== Segment start ==
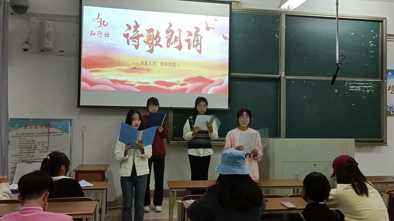 为丰富精神文化生活,提振老员工奋进新征程、建功新时代的昂扬斗志,10月30日,知行社在大同楼B406开展了“诗意年华,歌咏祖国”红色经典诗歌朗诵活动。诗歌朗诵活动在社长何玉存和部长团的组织下拉开了帷幕。
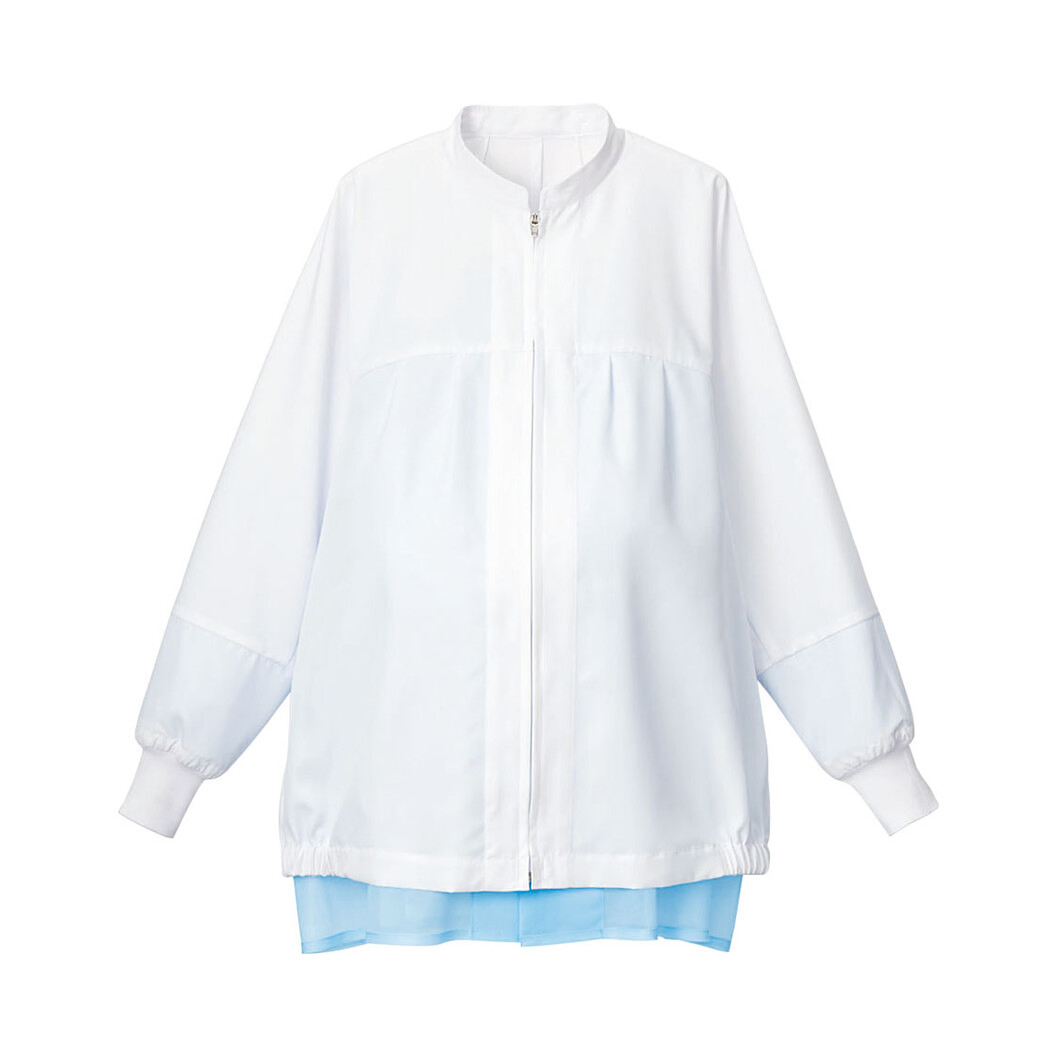 働く女性の悩みを解決するフェムテック商品から、マタニティ用長袖ジャンパーが登場。 ストレッチ性があり、妊娠初期~臨月まで快適にフィット。服のはみだしが一目でわかる、気づき仕様のブルーインナー。おなか周りにたっぷりゆとりをもたせるプリーツ入り。高い速乾性と生地裏の点タッチ設計でベトつきを軽減。凹凸のある織組織で多面的に汗や水分をキャッチ、素早く拡散・乾燥させ、快適な着心地を実現。異物混入を防ぐ仕様で、工場内の安全・安心をサポートするHACCP支援対応商品。異物を工場に持ち込ませないフードディフェンスに対応した、ノーポケット仕様。
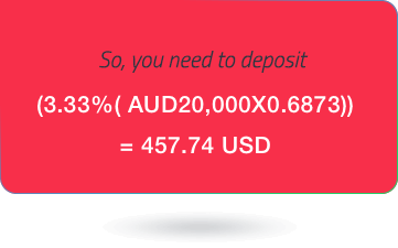 You decide to buy AUD 20,000 worth of USD because you think that the AUD/USD price will rise in the future. Your account leverage is set to 30:1. This means that you need to deposit 3.33% of the total position value into your margin account.
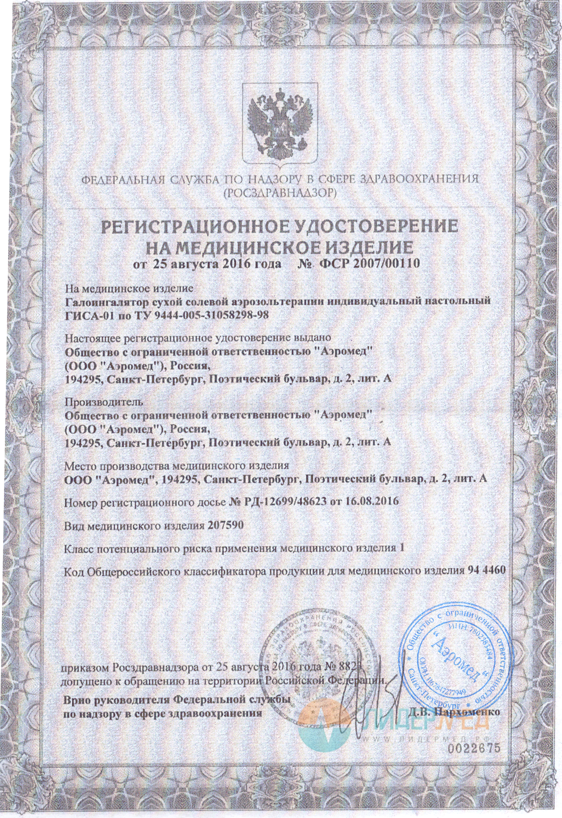 Средняя наработка на отказ ингалятора не менее, ч.
== Segment end ==
The answer must be an exact copy of the lines from the one that holds "You decide to" through the end of the data, both included, with no pictures.

- _Written solution_:
 You decide to buy AUD 20,000 worth of USD because you think that the AUD/USD price will rise in the future. Your account leverage is set to 30:1. This means that you need to deposit 3.33% of the total position value into your margin account.
 Средняя наработка на отказ ингалятора не менее, ч.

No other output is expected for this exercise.